**The task:** Every line from the one holding "Enjoy a glass" through the one holding "چترال(بشیر حسین آزاد" in the data below must be returned exactly, both ends included, with pictures left out and nothing else added.

**Source records:**
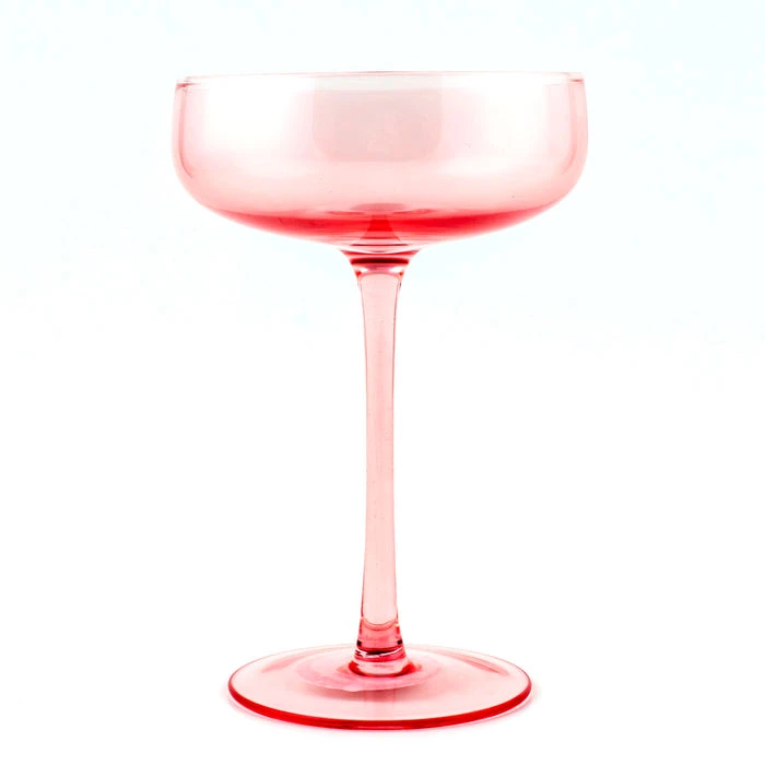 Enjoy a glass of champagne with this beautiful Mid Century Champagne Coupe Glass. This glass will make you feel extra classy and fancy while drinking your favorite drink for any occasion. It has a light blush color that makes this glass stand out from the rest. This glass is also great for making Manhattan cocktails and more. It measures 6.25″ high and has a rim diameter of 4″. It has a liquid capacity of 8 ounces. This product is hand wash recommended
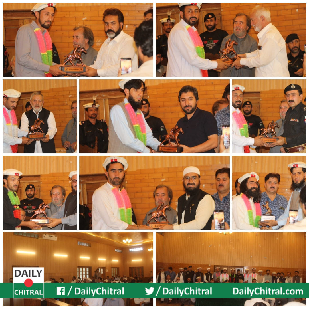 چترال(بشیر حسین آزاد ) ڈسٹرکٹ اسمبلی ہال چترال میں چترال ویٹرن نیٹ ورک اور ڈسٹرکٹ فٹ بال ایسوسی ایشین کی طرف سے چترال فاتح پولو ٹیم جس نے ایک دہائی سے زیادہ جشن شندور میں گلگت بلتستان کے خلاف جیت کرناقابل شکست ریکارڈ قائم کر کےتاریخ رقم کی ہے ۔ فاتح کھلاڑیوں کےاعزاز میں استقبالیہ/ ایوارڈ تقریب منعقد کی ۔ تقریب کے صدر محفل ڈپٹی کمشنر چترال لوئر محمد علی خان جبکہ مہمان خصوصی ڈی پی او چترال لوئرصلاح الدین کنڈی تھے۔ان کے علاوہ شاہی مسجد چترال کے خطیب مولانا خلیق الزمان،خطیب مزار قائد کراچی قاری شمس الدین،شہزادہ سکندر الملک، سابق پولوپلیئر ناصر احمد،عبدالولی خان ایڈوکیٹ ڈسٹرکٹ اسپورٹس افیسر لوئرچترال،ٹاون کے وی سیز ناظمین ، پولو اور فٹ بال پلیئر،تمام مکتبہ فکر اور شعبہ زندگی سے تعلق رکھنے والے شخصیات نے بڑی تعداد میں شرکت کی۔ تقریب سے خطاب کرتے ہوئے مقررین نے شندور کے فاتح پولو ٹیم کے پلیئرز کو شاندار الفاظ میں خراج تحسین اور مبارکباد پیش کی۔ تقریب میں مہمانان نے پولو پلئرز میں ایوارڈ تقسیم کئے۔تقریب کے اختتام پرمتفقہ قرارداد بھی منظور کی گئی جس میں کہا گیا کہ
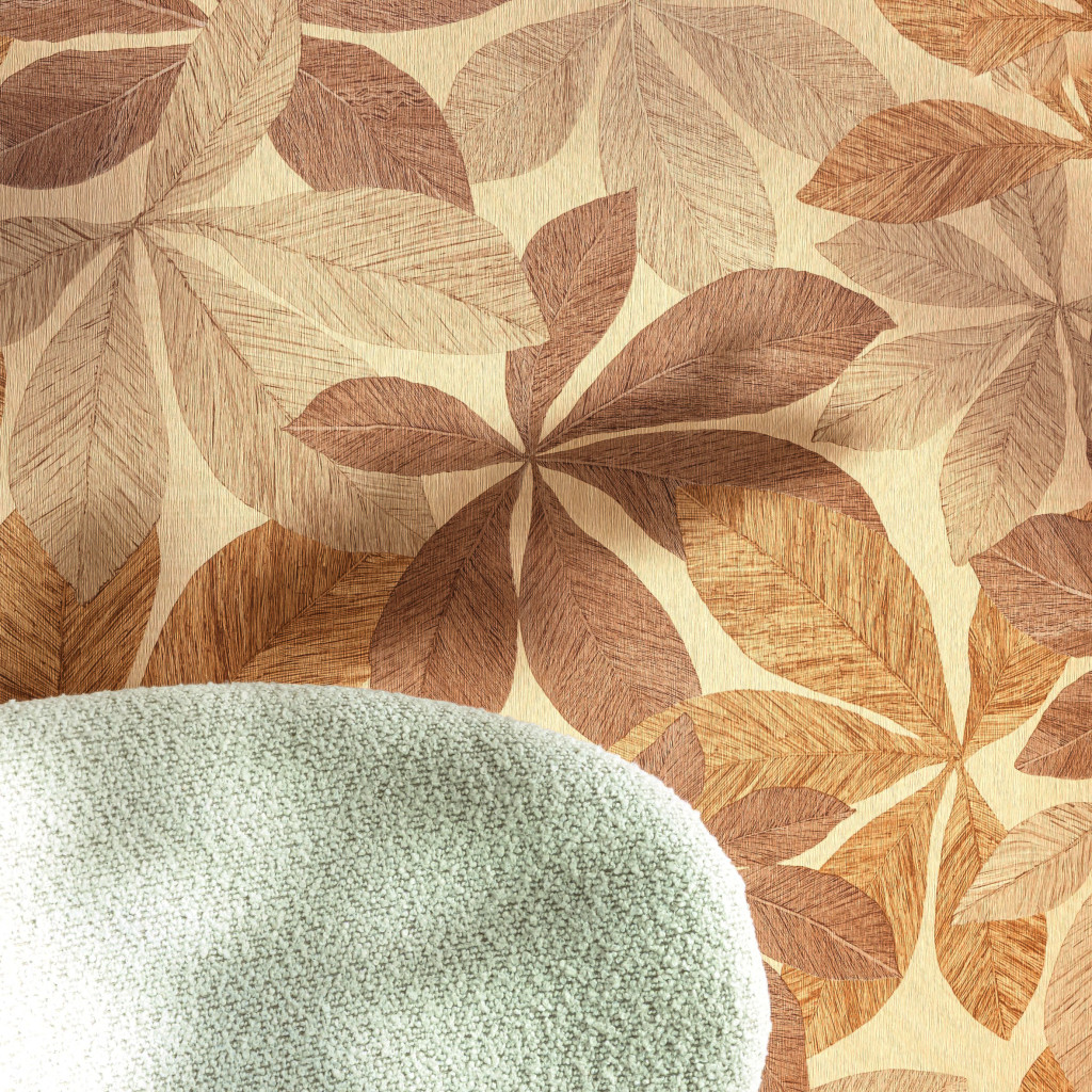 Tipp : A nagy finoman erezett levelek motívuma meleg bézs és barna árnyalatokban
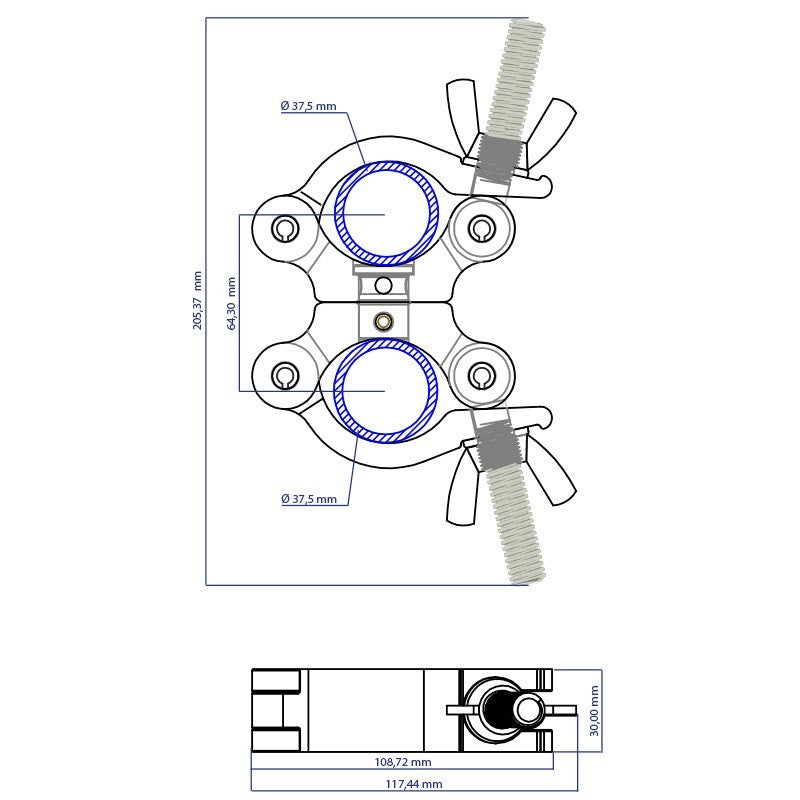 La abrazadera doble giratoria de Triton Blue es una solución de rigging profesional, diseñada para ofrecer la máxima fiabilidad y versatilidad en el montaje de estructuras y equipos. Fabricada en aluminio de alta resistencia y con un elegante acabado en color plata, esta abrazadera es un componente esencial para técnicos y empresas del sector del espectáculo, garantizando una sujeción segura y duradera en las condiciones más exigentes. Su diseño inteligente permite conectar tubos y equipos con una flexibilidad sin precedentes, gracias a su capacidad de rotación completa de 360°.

==

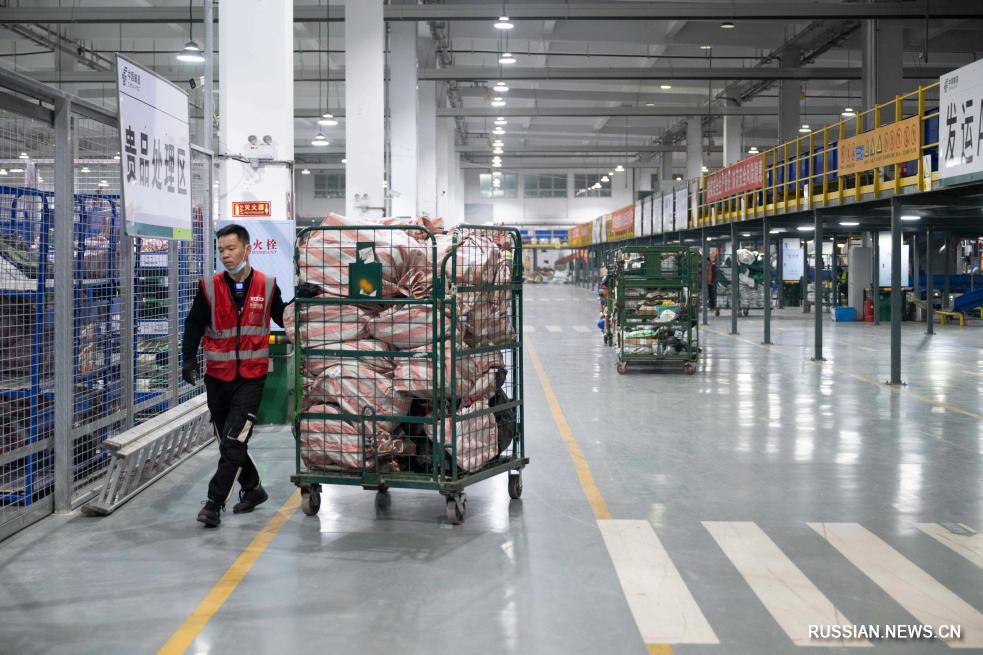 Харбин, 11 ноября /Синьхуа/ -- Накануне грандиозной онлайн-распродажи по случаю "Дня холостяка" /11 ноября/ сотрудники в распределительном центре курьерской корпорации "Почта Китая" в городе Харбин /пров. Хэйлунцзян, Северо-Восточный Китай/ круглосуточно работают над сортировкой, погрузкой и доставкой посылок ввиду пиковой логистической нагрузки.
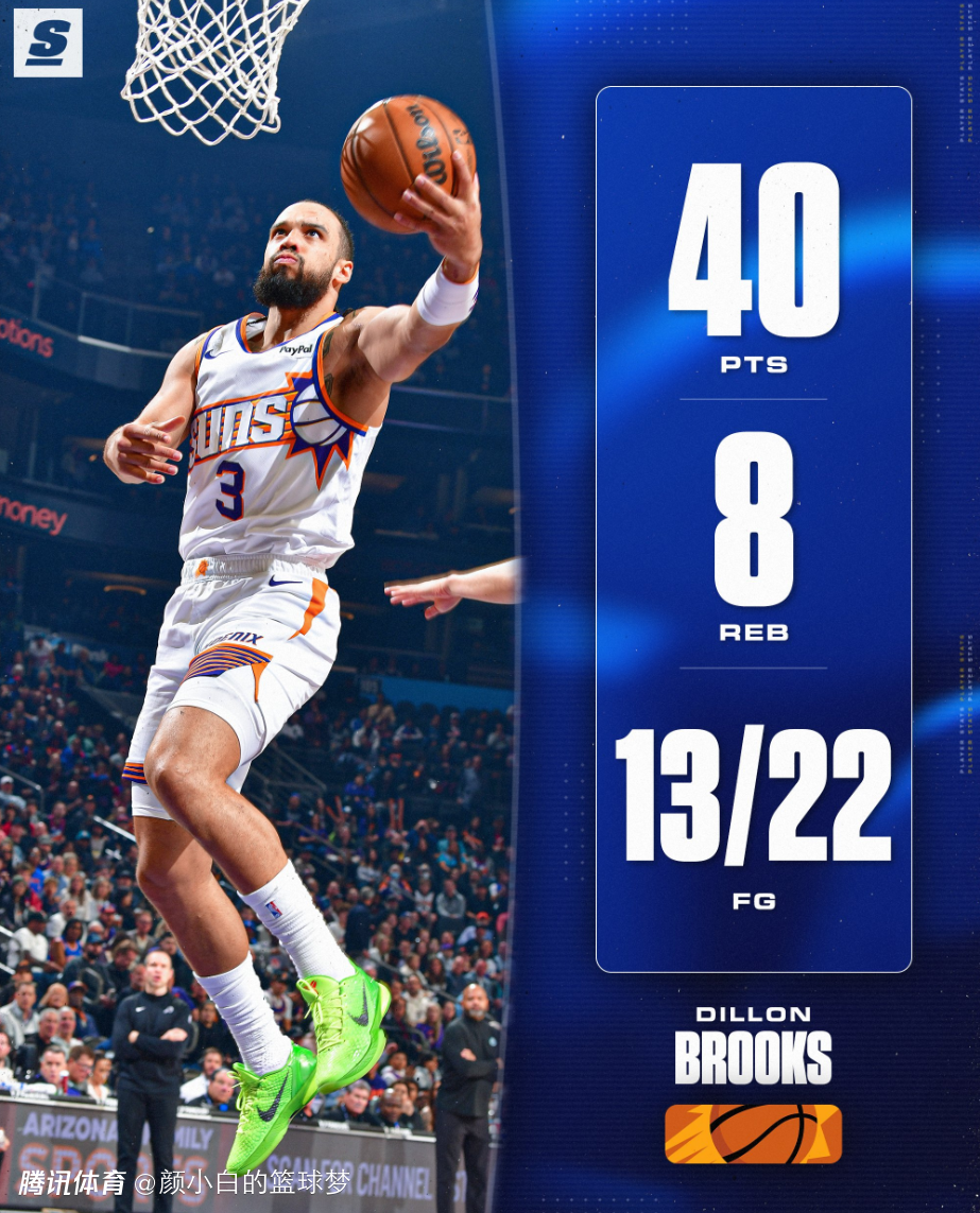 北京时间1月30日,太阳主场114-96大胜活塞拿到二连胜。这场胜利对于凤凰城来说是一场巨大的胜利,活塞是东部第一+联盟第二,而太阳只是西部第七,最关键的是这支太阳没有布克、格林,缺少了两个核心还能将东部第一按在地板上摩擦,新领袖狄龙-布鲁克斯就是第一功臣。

...

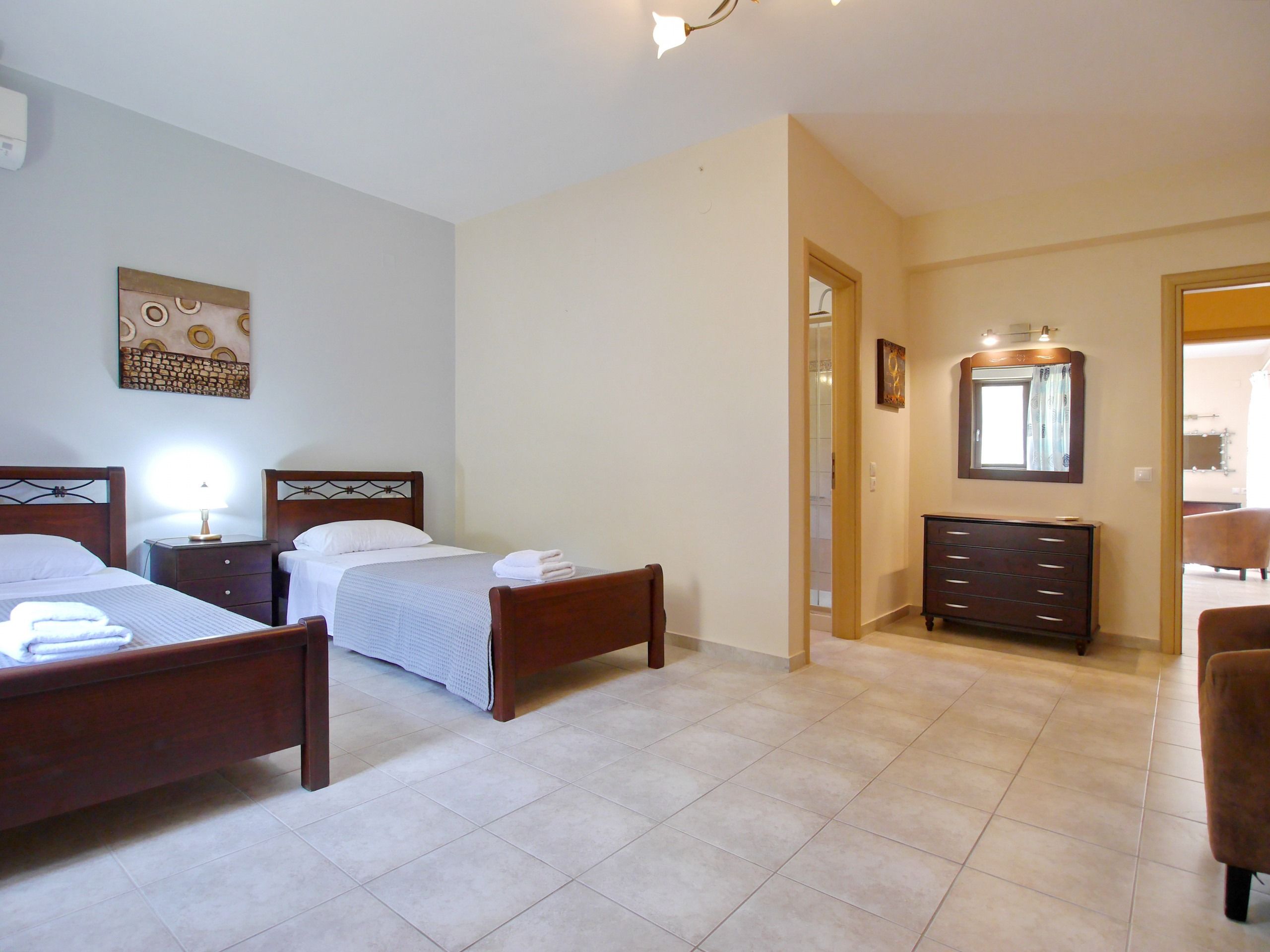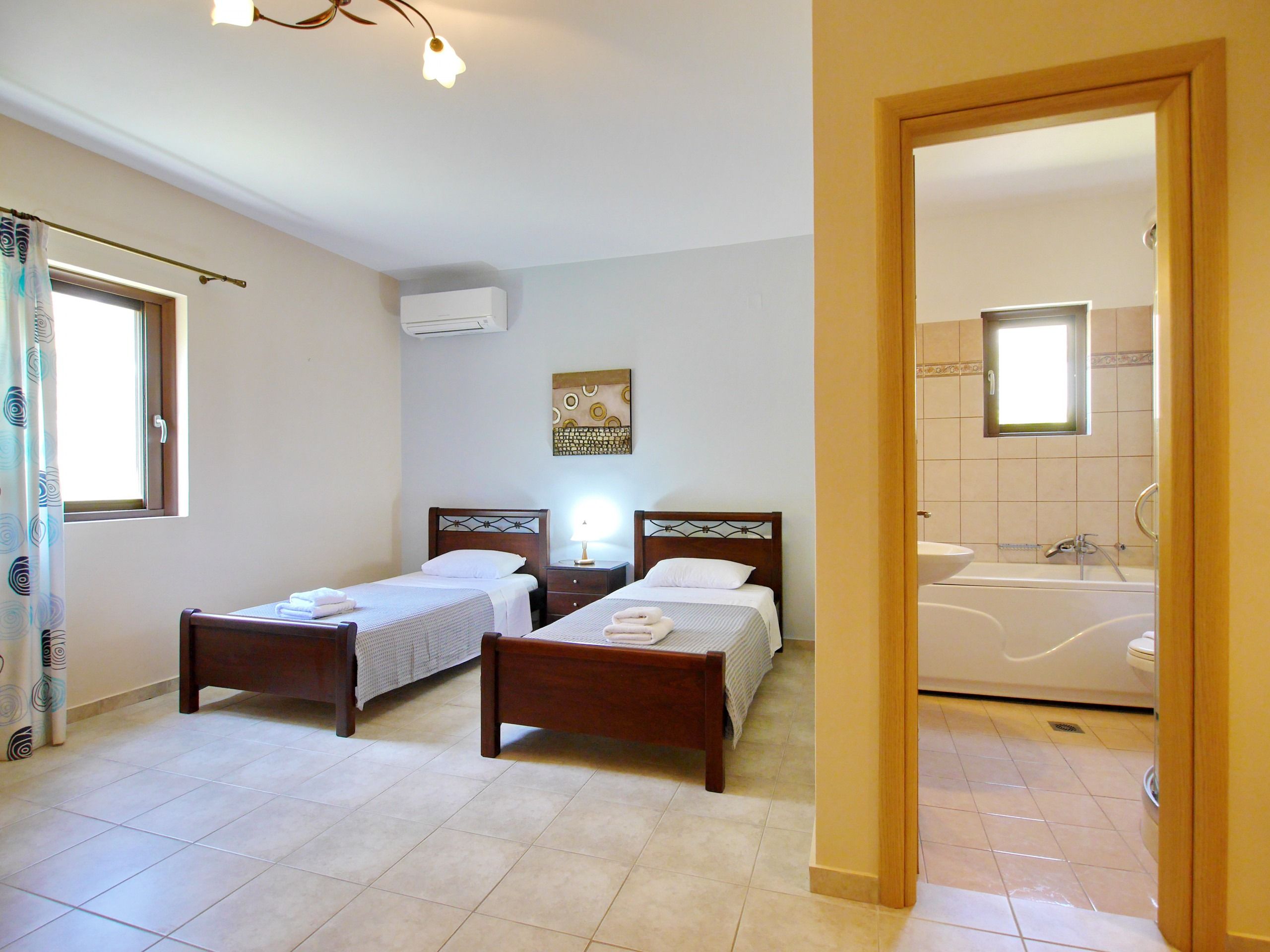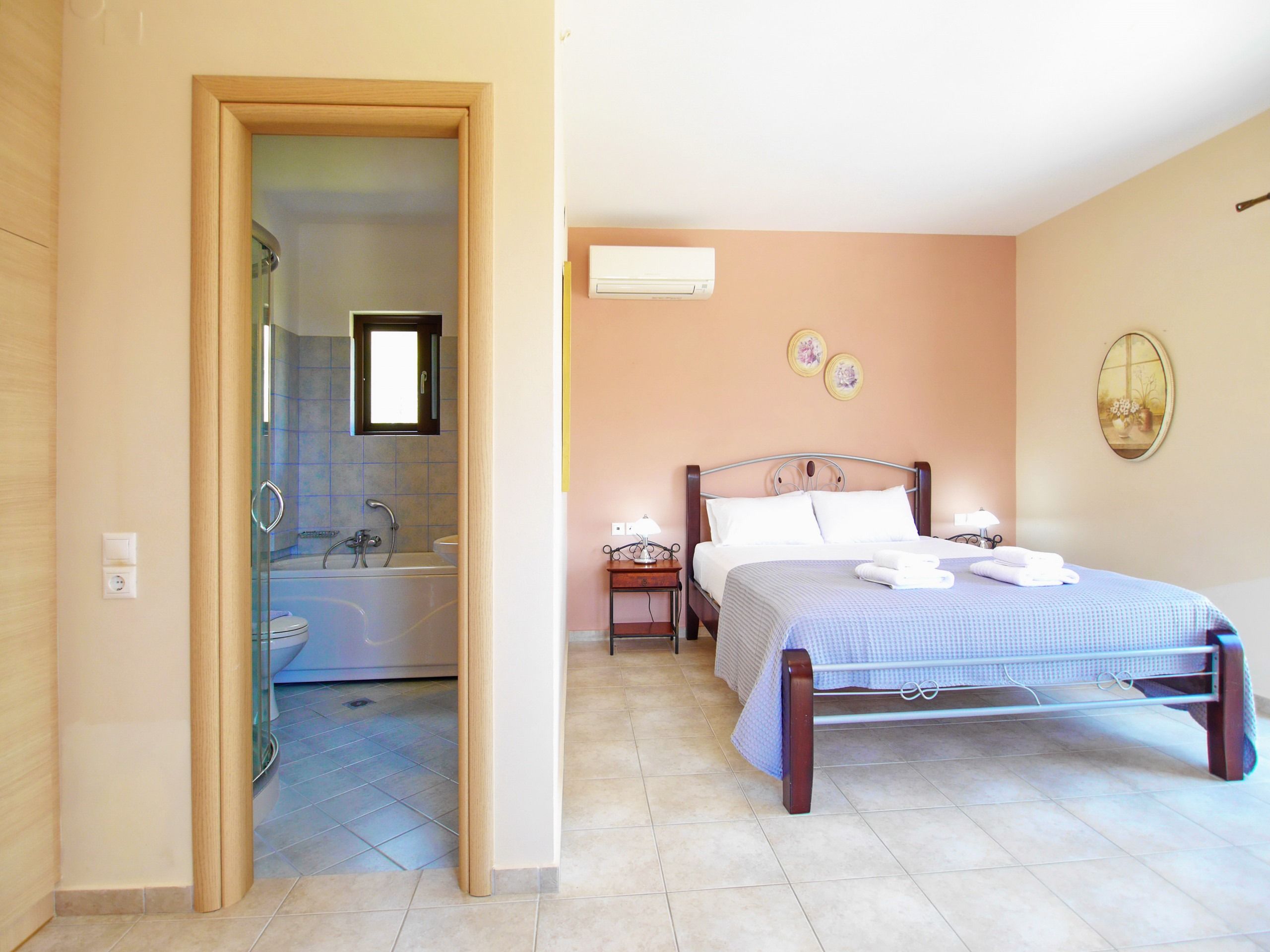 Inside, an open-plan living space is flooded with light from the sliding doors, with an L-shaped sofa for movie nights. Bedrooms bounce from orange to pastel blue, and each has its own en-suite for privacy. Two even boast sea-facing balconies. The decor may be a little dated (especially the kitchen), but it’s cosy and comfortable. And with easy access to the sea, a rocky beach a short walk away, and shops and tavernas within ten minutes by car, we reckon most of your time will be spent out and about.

**Answer:**
 Enjoy a glass of champagne with this beautiful Mid Century Champagne Coupe Glass. This glass will make you feel extra classy and fancy while drinking your favorite drink for any occasion. It has a light blush color that makes this glass stand out from the rest. This glass is also great for making Manhattan cocktails and more. It measures 6.25″ high and has a rim diameter of 4″. It has a liquid capacity of 8 ounces. This product is hand wash recommended
 چترال(بشیر حسین آزاد ) ڈسٹرکٹ اسمبلی ہال چترال میں چترال ویٹرن نیٹ ورک اور ڈسٹرکٹ فٹ بال ایسوسی ایشین کی طرف سے چترال فاتح پولو ٹیم جس نے ایک دہائی سے زیادہ جشن شندور میں گلگت بلتستان کے خلاف جیت کرناقابل شکست ریکارڈ قائم کر کےتاریخ رقم کی ہے ۔ فاتح کھلاڑیوں کےاعزاز میں استقبالیہ/ ایوارڈ تقریب منعقد کی ۔ تقریب کے صدر محفل ڈپٹی کمشنر چترال لوئر محمد علی خان جبکہ مہمان خصوصی ڈی پی او چترال لوئرصلاح الدین کنڈی تھے۔ان کے علاوہ شاہی مسجد چترال کے خطیب مولانا خلیق الزمان،خطیب مزار قائد کراچی قاری شمس الدین،شہزادہ سکندر الملک، سابق پولوپلیئر ناصر احمد،عبدالولی خان ایڈوکیٹ ڈسٹرکٹ اسپورٹس افیسر لوئرچترال،ٹاون کے وی سیز ناظمین ، پولو اور فٹ بال پلیئر،تمام مکتبہ فکر اور شعبہ زندگی سے تعلق رکھنے والے شخصیات نے بڑی تعداد میں شرکت کی۔ تقریب سے خطاب کرتے ہوئے مقررین نے شندور کے فاتح پولو ٹیم کے پلیئرز کو شاندار الفاظ میں خراج تحسین اور مبارکباد پیش کی۔ تقریب میں مہمانان نے پولو پلئرز میں ایوارڈ تقسیم کئے۔تقریب کے اختتام پرمتفقہ قرارداد بھی منظور کی گئی جس میں کہا گیا کہ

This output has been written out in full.